Of course I have two years of playing under my belt now so how much is me just playing better and how much the actual horn contributes is unknown. I still have (unfortunately) both the Yamaha and the Hoyer so I could give them a try and see if I play them better than I used to.
I started with the Yamaha mouthpiece that came with the Yamaha horn. Then I found my old Bach mouthpiece and I used that for a while. At my teacher’s recommendation I switched to a Farkas MC and then I went to a Moosewood B12. Each one these changes convinced me that the mouthpiece I was trying out was “the one” for about two weeks.

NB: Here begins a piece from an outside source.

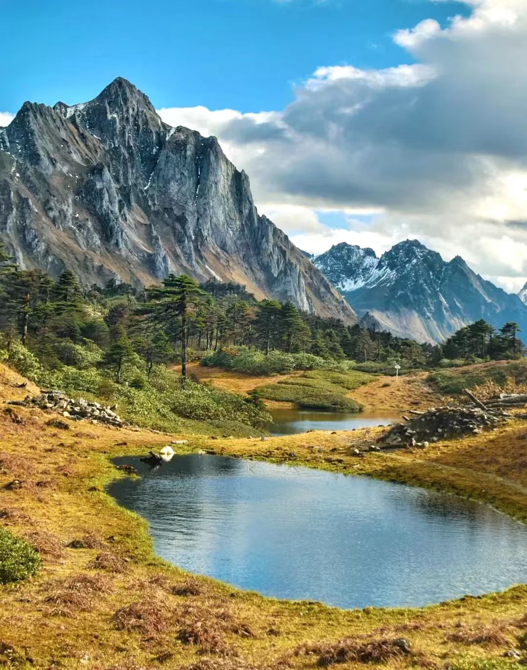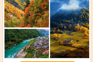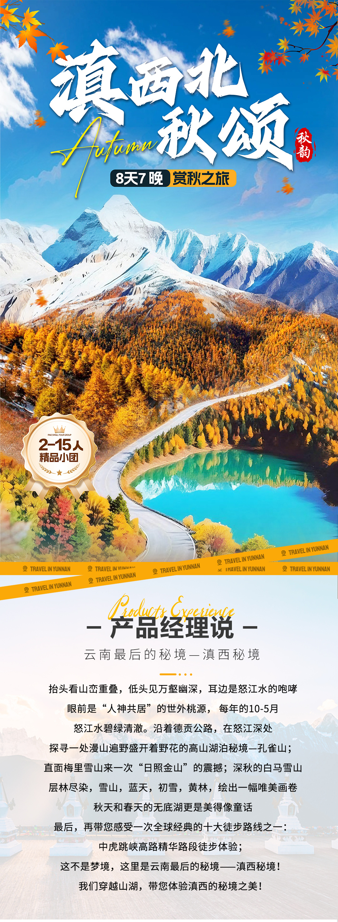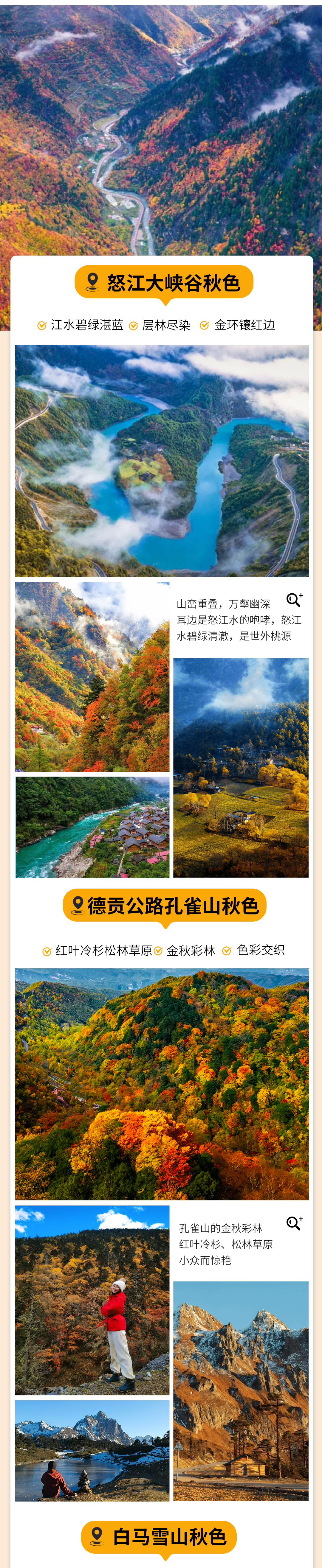 【秋色盛宴】:赏滇西秘境深处醉美四处秋景:怒江大峡谷秋色+德贡公路孔雀山秋色+白马雪山秋色+无底湖秋色,一趟旅程,金色彩林、峡谷秋色、日照金山、圣湖倒影等各种元素全聚集。

Then inevitably I would deteriorate to playing worse than I was with the previous mouthpiece I was using. When I bought my Otto horn I switched to a Laskey mouthpiece because I had heard that a geyer wrap horn played better with a bowl shaped mouthpiece. This mouthpiece was a disaster and probably the worst mouthpiece switch I’ve made. After the Laskey I went back to my Moosewood B12 and about 6 weeks ago I switched to a Moosewood annealed Megamoose AW11. With this mouthpiece I was missing a lot fewer notes and everything seemed to be easier however it makes the horn sound too bright. A few days ago I switched again to a Moosewood C8. This mouthpiece seems to have the same ease of playing characteristics as the AW11 but with a much nicer, darker sound. I haven’t changed rims, just the shank and I when I keep the same rim I don’t seem to run into the mouthpiece crash problem.
I’ve bought a Dennis Wick mouthpiece weight, a Moosewood stem weight and a device, which I’ve forgotten the name of, that is supposed to improve the flow of air through the horn by placing it in the tuning slide. With each one, for a week or so, I felt that they helped. In the end, they made no difference whatsoever.
I lean towards finding a mechanical solution to problems with my playing but the chances are pretty high that if I hadn’t made any of these equipment changes I would be at a similar level of playing ability as I am with the changes.
Recap – Part 2 –>
The weekend before last I went to the Northeast Horn Workshop at the University of Delaware. Compared to the one in Ithaca a year ago where I felt totally out of place, at this one I felt quite at ease. Another year of playing really made a difference. For the most part I was able to keep up during the ensemble readings and I could really tell that I have improved a lot. I also learned a lot more from the lectures and master classes than I did the year before.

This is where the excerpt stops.